## Python notebook for generating the STAC catalog json and corresponding Item json for Raster & Vector layers

### Tools:
1. Pystac 
2. Rasterio
3. Geopandas
4. Matplotlib

This notebook returns Catalog json for Raster and Vector layers.

### 1. Importing the required modules

In [1]:
import os
import json
import xml.etree.ElementTree as ET
from datetime import datetime

import rasterio
import geopandas as gpd
import matplotlib.pyplot as plt
import pystac
import sys
import constants
from shapely.geometry import mapping, box







### 2. Defining the variables used in the notebook

In [2]:

base_dir="data/"
qml_path="data/style_file.qml"
vector_qml_file ="data/swb_style.qml"

raster_filename="saraikela-kharsawan_gobindpur_2023-07-01_2024-06-30_LULCmap_10m.tif"
vector_filename="swb2_saraikela-kharsawan_gobindpur.geojson"

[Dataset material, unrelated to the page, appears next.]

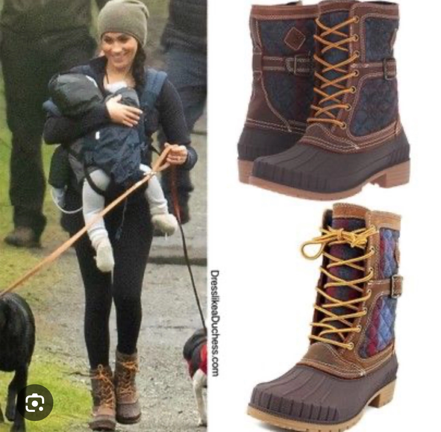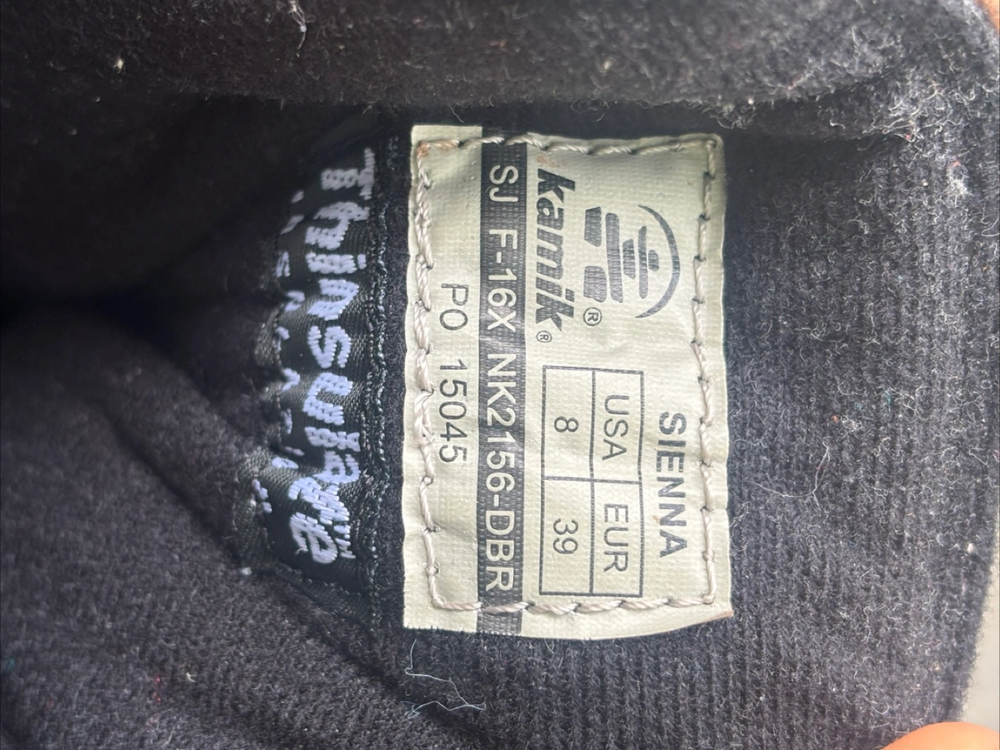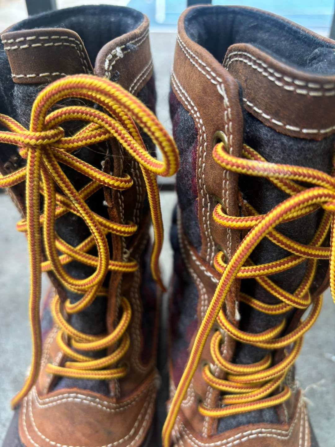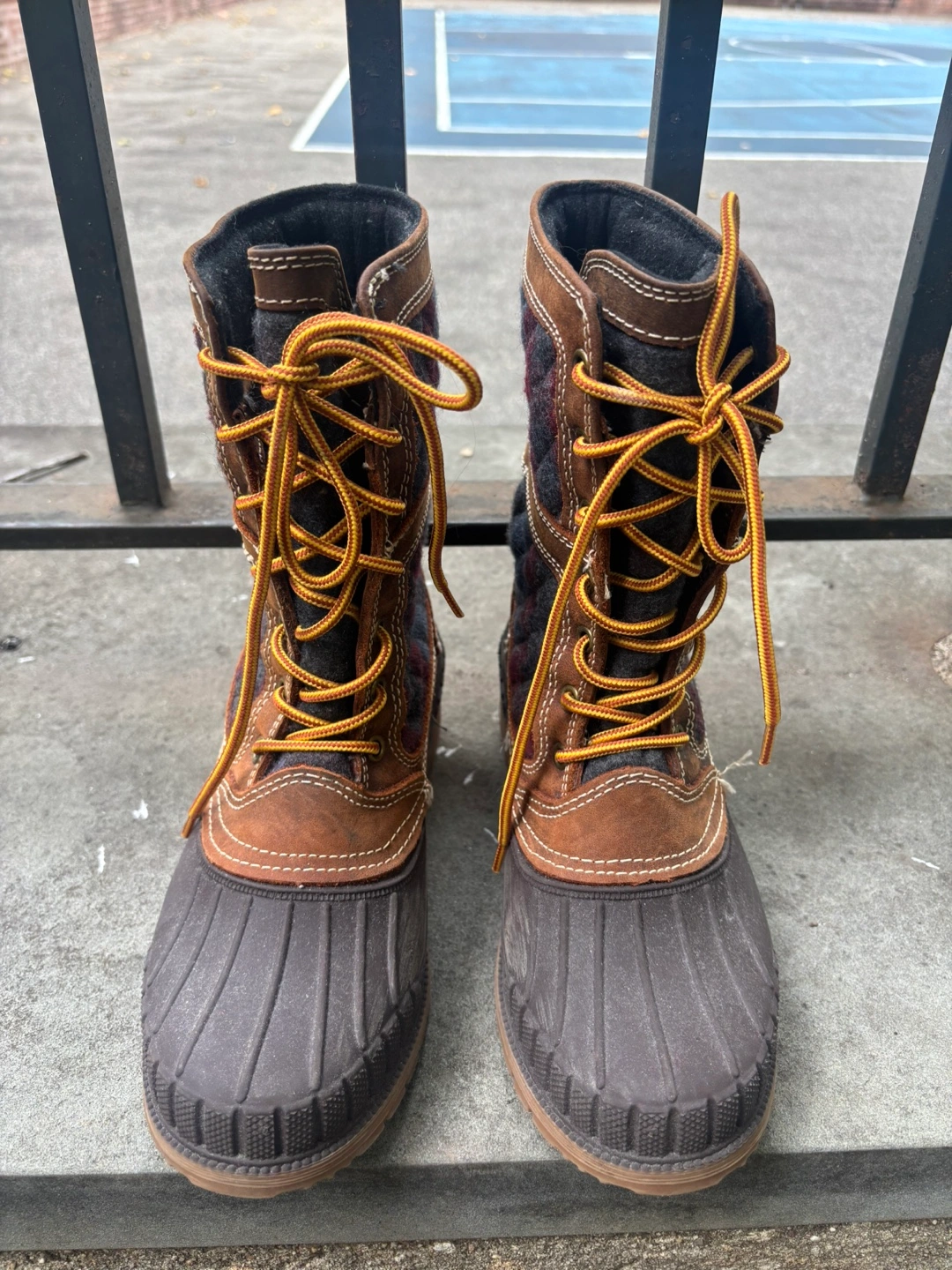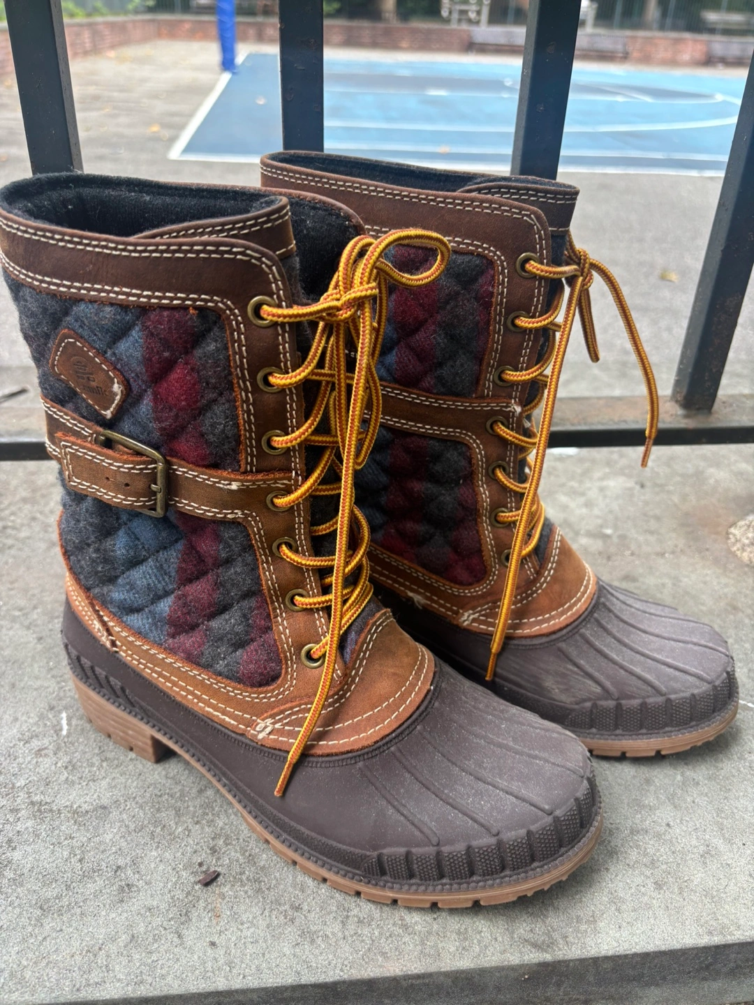 These are a pair of Kamik winter boots with a plaid pattern on the upper part of the boot. They have brown leather accents and yellow laces. These boots are perfect for keeping your feet warm and dry during the winter months

corestack_dir = os.path.join(base_dir, "CorestackCatalogs")
gobindpur_dir = os.path.join(corestack_dir, "gobindpur")
raster_dir = os.path.join(gobindpur_dir, "raster")
vector_dir = os.path.join(gobindpur_dir, "vector")

os.makedirs(raster_dir, exist_ok=True)
os.makedirs(vector_dir, exist_ok=True)


raster_path = os.path.join(base_dir, raster_filename)
vector_path = os.path.join(base_dir, vector_filename)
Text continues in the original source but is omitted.